Wenn Raith und Brennan im Olympiapark ankommen, erwartet sie erst einmal ein nahezu flaches Gelände. Mit Podesten und Pyramiden aus Paletten versuchen sie dann, Atmosphäre zu schaffen. Und auf der höchsten Pyramide werden Kuh und Kalb platziert. "Das ist immer ein kleines Ritual, zu entscheiden, in welche Richtung die Kuh schauen und wo dahinter ihr Kalb liegen soll", sagt Raith.

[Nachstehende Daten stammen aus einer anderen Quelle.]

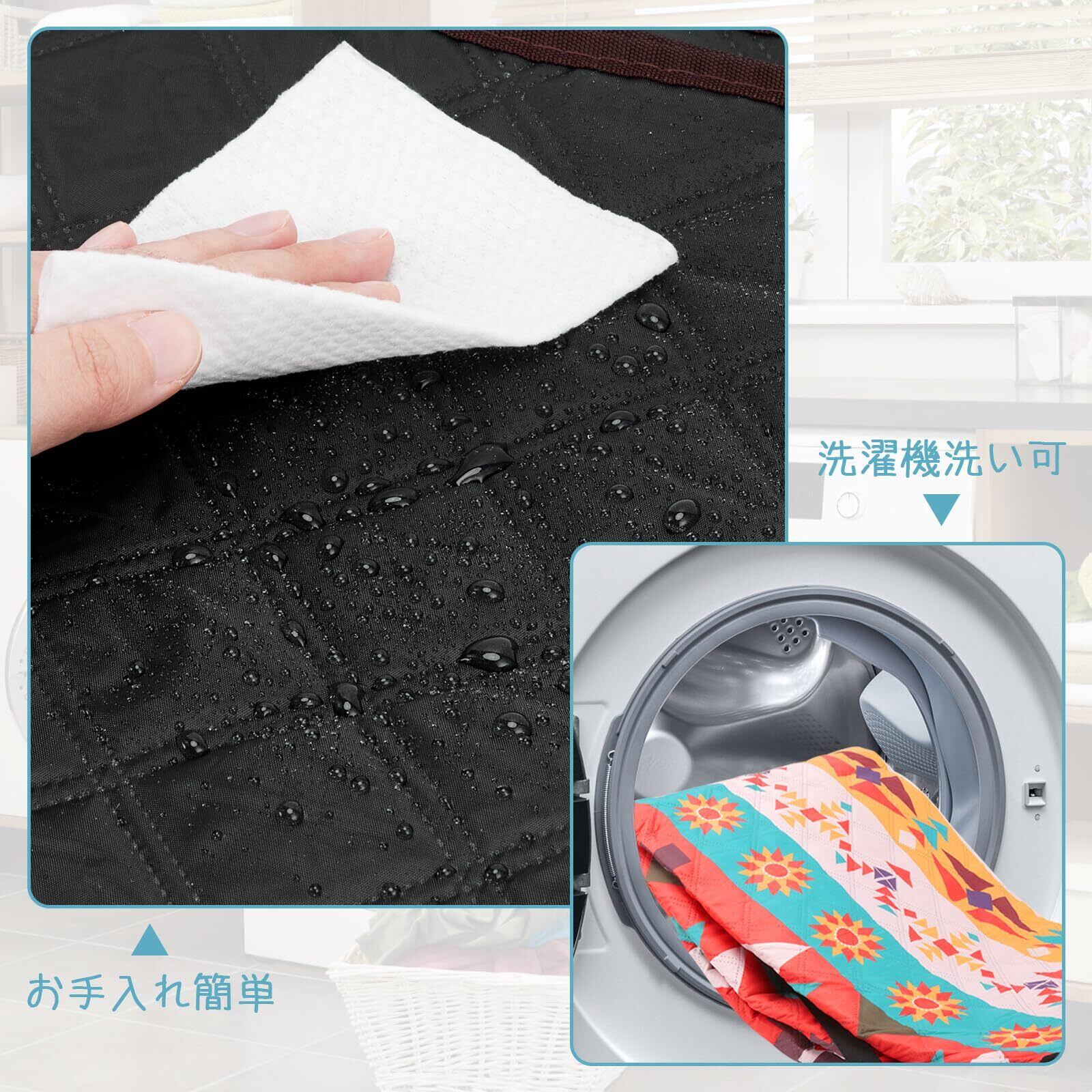 『肌触り良い&撥水素材』表面は肌に優しい紬素材で触り心地が抜群です。水をこぼしてもすぐには浸透せず、蓮の葉のように水たまりを作るため、吸収前に拭き取ればお手入れが簡単です。裏面には撥水性に優れた210Dオックスフォード生地を使用し、地面からの湿気を効果的に抑えられます。

Sie spricht von einer Millimeterarbeit und fügt hinzu: "Das nimmt der Besucher vielleicht gar nicht bewusst wahr, aber es schlägt sich in einer Art von Ruhegefühl nieder."

Heuer feierte das Andechser Zelt sein 25. Jubiläum. Mit zwei Jahren pandemiebedingter Verspätung sozusagen. Das Festival diesen Sommer hat Raith als besonders intensiv empfunden: "Die Leute haben am Nachmittag im Biergarten getanzt. Im Zelt war jeden Abend eine außergewöhnlich tolle Stimmung." Anfangs waren es nur Münchner Künstler, mittlerweile liefern Bands aus ganz Deutschland den "Soundtrack" dazu. Mindestens 300 Bewerbungen erhält Raith jedes Jahr. Früher kamen die noch im Kuvert, jetzt via E-Mail. Es hat sich einiges verändert seit 1995. Die Kühe aber, sie sind geblieben.

Bei "Lieblingsdings" erzählen Menschen, woran ihr Herz hängt, was sie durchs Leben begleitet, ihnen Glück bringt und wovon sie sich niemals trennen würden.